Try it: Transcribe the records below word for word, leaving every picture out.

Records from a dataset
========
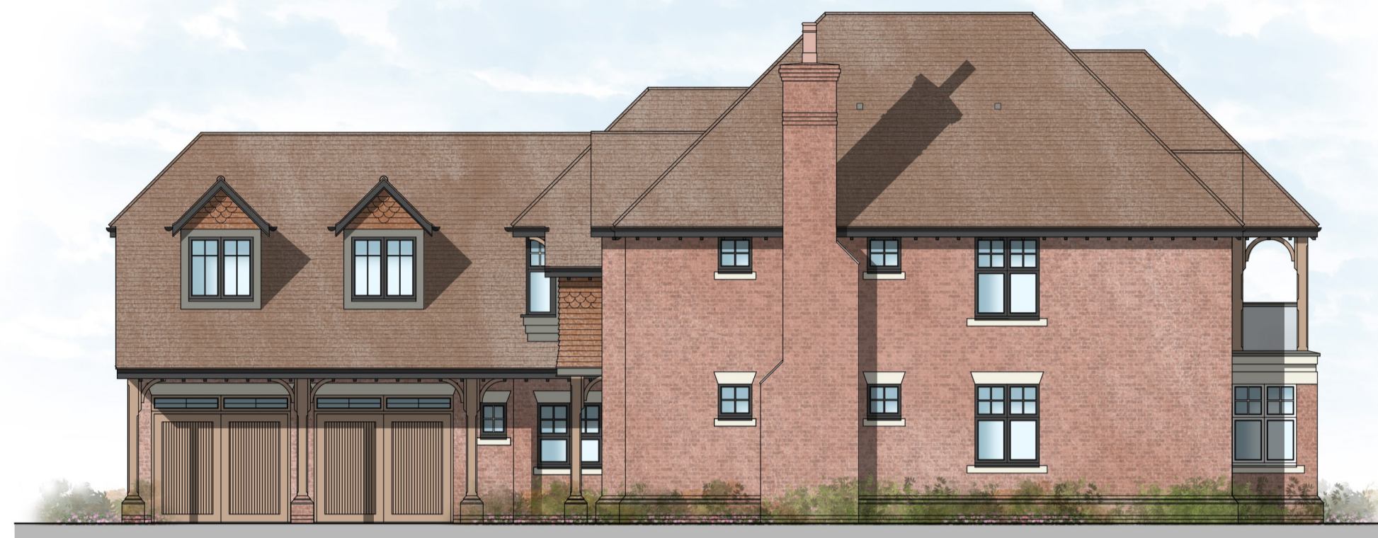
Western Side Elevation
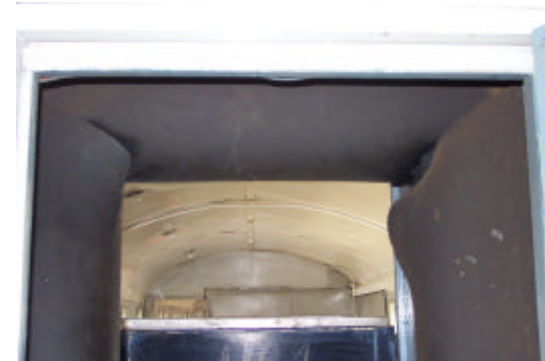
Interior of inter vehicle gangway
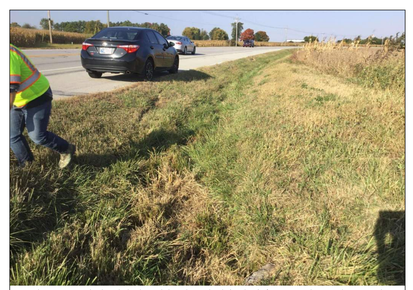
Looking west at Wetland B, which is located along the north side (WB lane) of SR 32. Note the mowed over cat-tails in 27. the photo. No impacts to Wetland B will occur as a result of this project. Photo taken October 7, 2020.
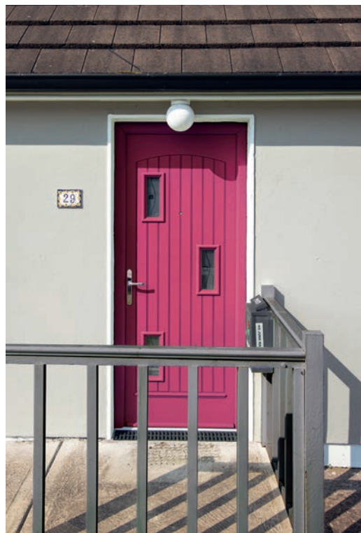
RASPBERRY LANE Door
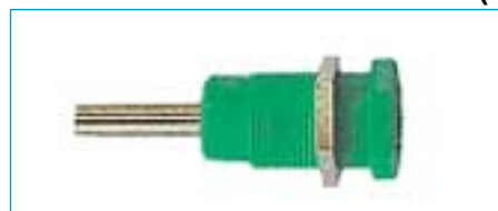
R 941 92* 604
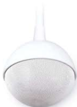
PVC Mounting Hardware
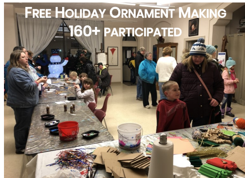
FREE HOLIDAY ORNAMENT MAKING 160+ PARTICIPATED
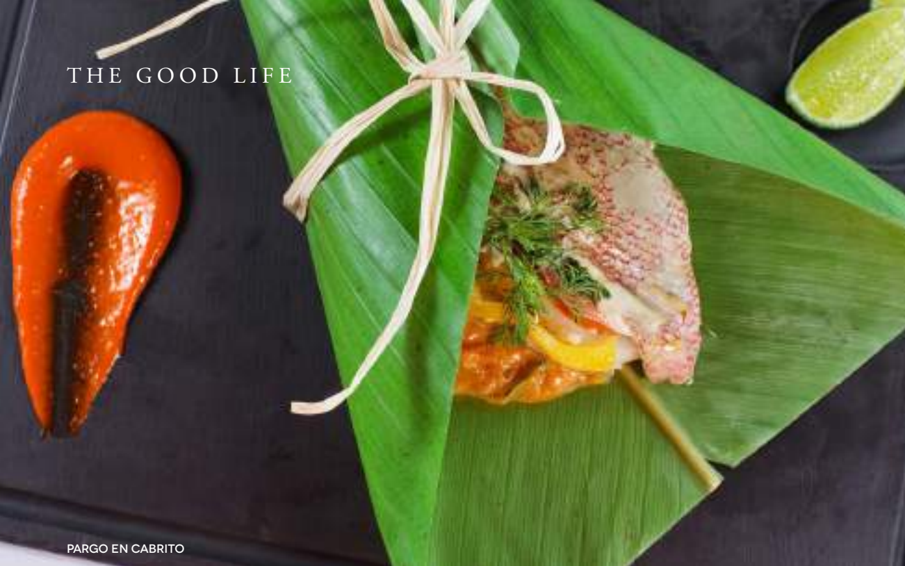
PARGO EN CABRITO
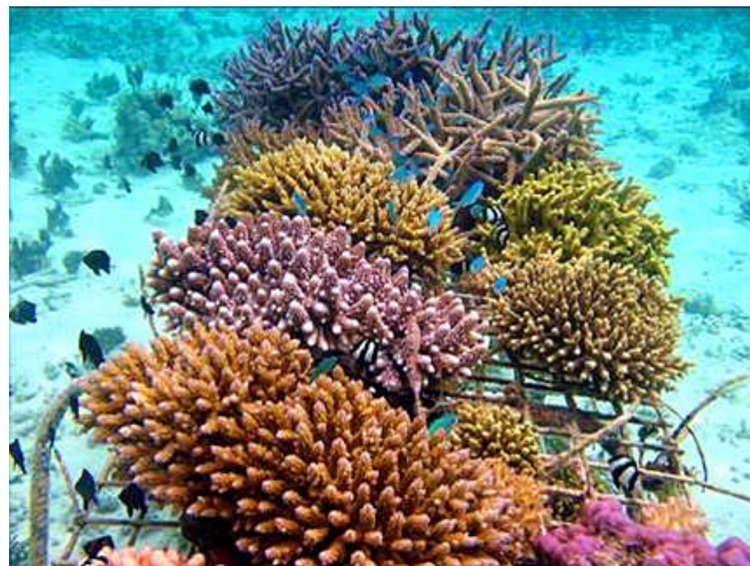
Colonies crowd each other on the table if not trimmed often enough
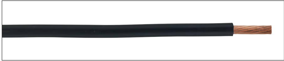
AWM, MTW, THW - 600 VOLT - UL
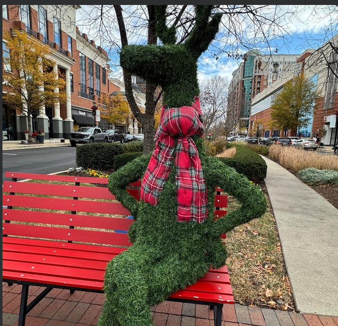
p 05 Holiday Nibbles: Pain D'espice
========
Exercise solution:
Western Side Elevation
Interior of inter vehicle gangway
Looking west at Wetland B, which is located along the north side (WB lane) of SR 32. Note the mowed over cat-tails in 27. the photo. No impacts to Wetland B will occur as a result of this project. Photo taken October 7, 2020.
RASPBERRY LANE Door
R 941 92* 604
PVC Mounting Hardware
FREE HOLIDAY ORNAMENT MAKING 160+ PARTICIPATED
PARGO EN CABRITO
Colonies crowd each other on the table if not trimmed often enough
AWM, MTW, THW - 600 VOLT - UL
p 05 Holiday Nibbles: Pain D'espice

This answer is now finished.